Extracting data from PDF of Relación Nominal de Trabajadores (RNT) from Spanish Seguridad Social, written in Python
Obviously, you will need Python.
In Linux you surely already have it.
In the other operating systems you can install Anaconda, for example.
If you know what a virtual environment is, means that you need it: you should use it.
If you don't know what it is, but you develop and use custom Python stuff: use it.
Otherwise, don't worry, you can go on without using it.

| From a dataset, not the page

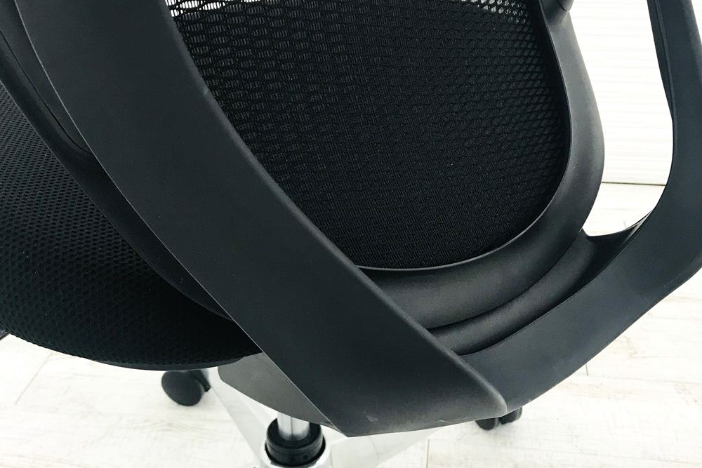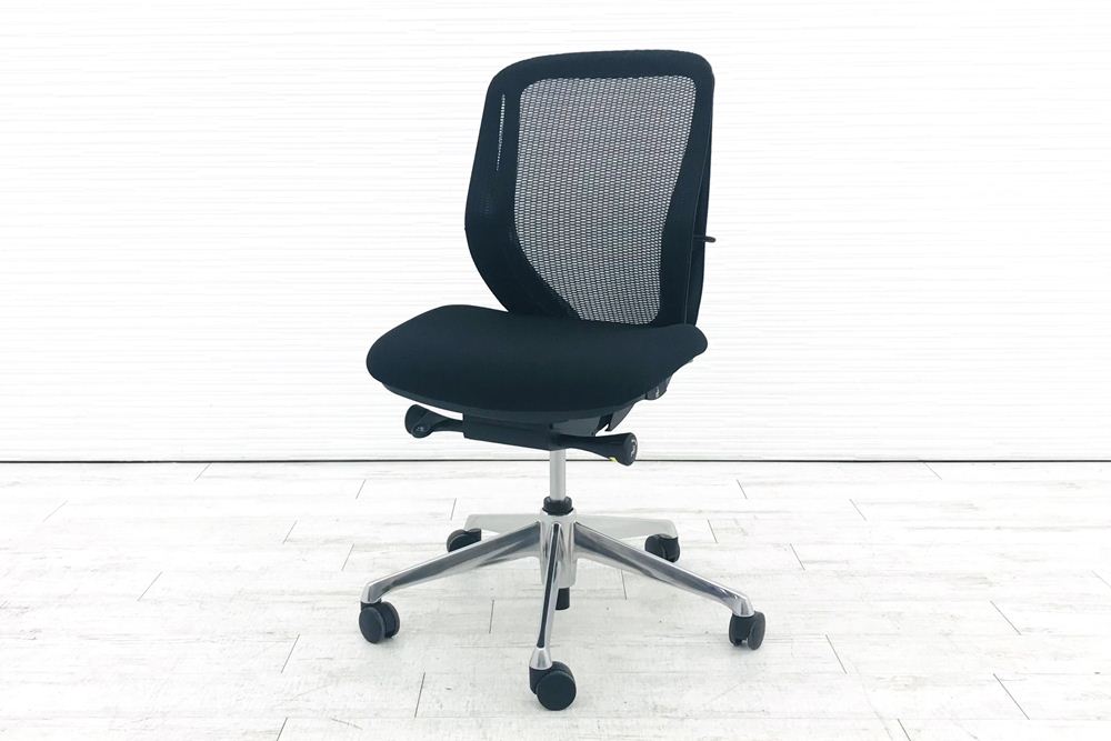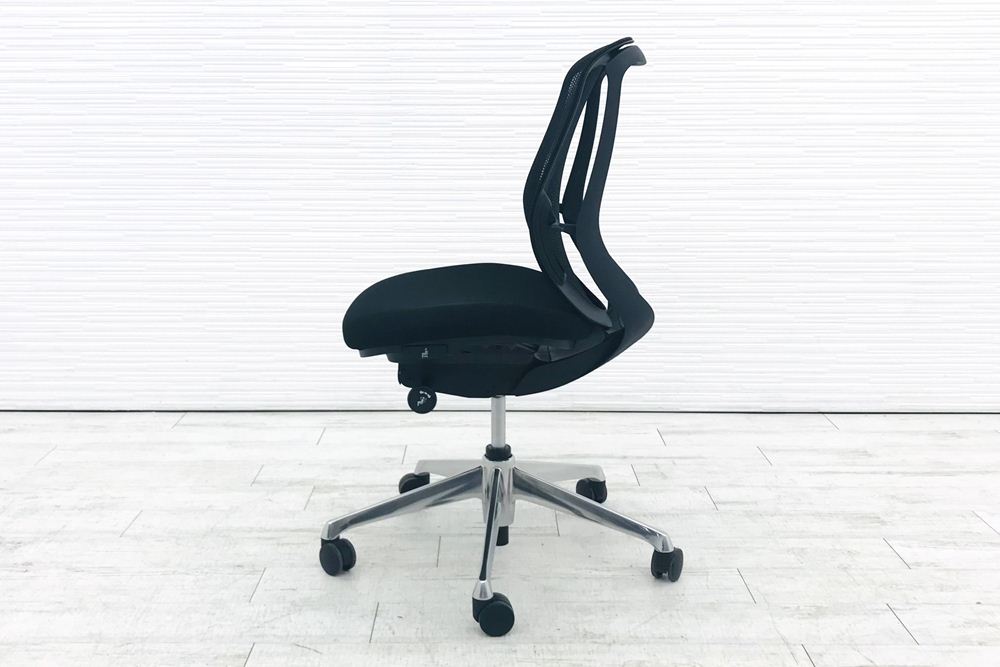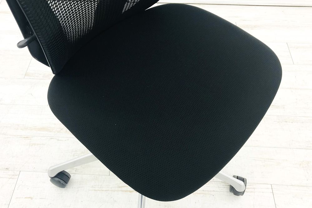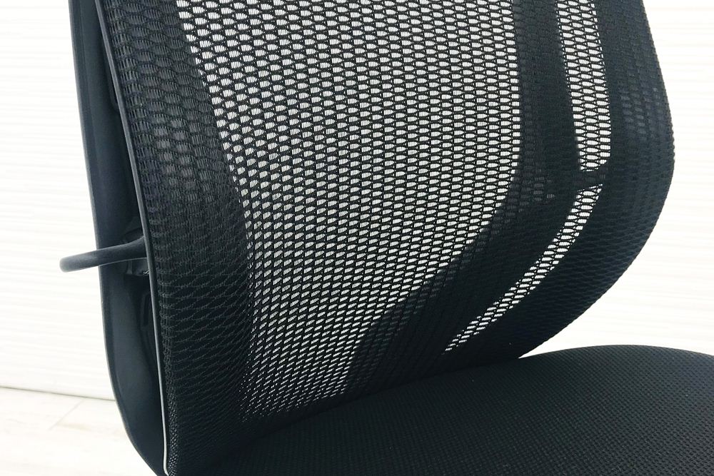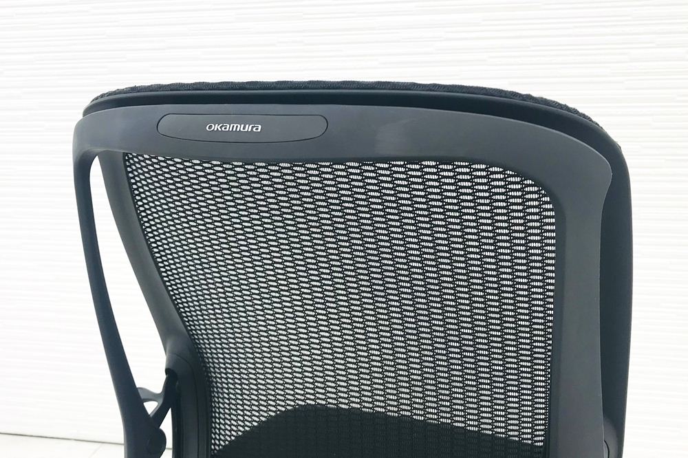 【T11】【商品入替のため、残り2脚限り】オカムラ製 シルフィー ブラック 肘無し ローバック 背面メッシュ 三次元曲面が身体にフィット! 前傾チルト機能付き大人気メッシュチェア! 肘無しローバックチェア!!

You will need to install the following additional packages:
- tabula-py
- openpyxl
From Anaconda you can do that in a graphical way:
- open Anaconda Navigator
- go to the Environments tab
- click the Update Index... button
- select "All" instead of "Installed" in the menu
- search for the aforementioned packages and select them for the installation
- click on Apply for installing them
If you are not using Anaconda, you can install them with:
pip install -U tabula-py
pip install -U openpyxl
Just download the main file RNT-analyisis.py
from this repository.
A RNT file as PDF named as RNT_YYYYMM.pdf
(for example RNT_202305.pdf
) and a XLSX file with a column with IPFidentification codes from the workers (if some codes are missing, these data will not be looked for in the RNT PDF).
Just double click on the RNT-analyisis.py
file.
A prompt should ask you for the RNT PDF file. The RNT file has to be named like RNT_YYYYMM.pdf
for example RNT_202209.pdf
. Once chosen that, another prompt should ask you for the XLSX spreadsheet with the workers' data (IPF and name).

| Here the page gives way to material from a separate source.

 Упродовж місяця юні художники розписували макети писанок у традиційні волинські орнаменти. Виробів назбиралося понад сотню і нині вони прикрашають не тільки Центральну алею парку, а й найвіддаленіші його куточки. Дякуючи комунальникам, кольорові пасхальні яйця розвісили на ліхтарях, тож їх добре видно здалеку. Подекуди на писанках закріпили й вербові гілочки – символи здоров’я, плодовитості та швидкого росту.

A new file will be created with a name like analysis_RNT_YYYYMM.xlsx
for example analysis_RNT_202209.xlsx
.
Execute the RNT-analyisis.py
file providing as the first argument the PDF of the RNT and as a second argument a XLSX spreadsheet.
The filename of the PDF have to follow this format: RNT_YYYYMM.pdf
, for example RNTs/2023/RNT_202301.pdf
.
The spreadsheet needs to have at least a CAS
and a IPF
columns for the worker's identification. The other columns and their content will be preserved. For example, the gender and position columns can be added for analyzing the presence of inequalities in the salaries across genders and positions.
The python script will create a new column with the estimated gross salary. It will not show salaries over some threshold, around 48k. This will be stored in a new XLSX file named analysis_RNT_YYYYMM.xlsx
with the year and month from the input PDF file.
The typical way to use the script is something like this:
...create a analysis_RNT_202111.xlsx file with at least the CAS and IPF columns of the workers...
python3 RNT-analyisis.py RNTs/2021/RNT_202112.pdf analysis_RNT_202111.xlsx
python3 RNT-analyisis.py RNTs/2022/RNT_202201.pdf analysis_RNT_202112.xlsx
python3 RNT-analyisis.py RNTs/2022/RNT_202202.pdf analysis_RNT_202201.xlsx
python3 RNT-analyisis.py RNTs/2022/RNT_202203.pdf analysis_RNT_202202.xlsx
where each command takes the output of the previous one and add a column for the newly processed RNT.
In this repository, you can find an example of RNT PDF file here RNT_202012.pdf and an example of initial XLSX file here analysis_RNT_202011.xlsx.
As you can see, the XLSX file has to have at least the IPF column. For convenience, we would recommend to have also columns like CAS, name, work position etc.
In the RNT PDF you will see IPFs starting with 10, to which a DNI number follows; starting with 20, to which a passport number follows (usually temporary before getting a NIE); and 60, to which a NIE number follows.
When you run the script launching:
python3 RNT-analyisis.py RNT_202012.pdf analysis_RNT_202011.xlsx
A new file will be created, with the name analysis_RNT_202012.xlsx
. In this file you will find all the content of the original XLSX file but also a new column with the yearly salary estimated from the content of the RNT_202012.pdf
file. Using the example PDF, you will get wrong numbers, likely due to the censoring we performed on the PDF.
Also you will get an output text like this:
I.P.F. C.A.F.
0 1099999999E NULAS
This means that this worker exists in the PDF but has not been found in the XLSX file.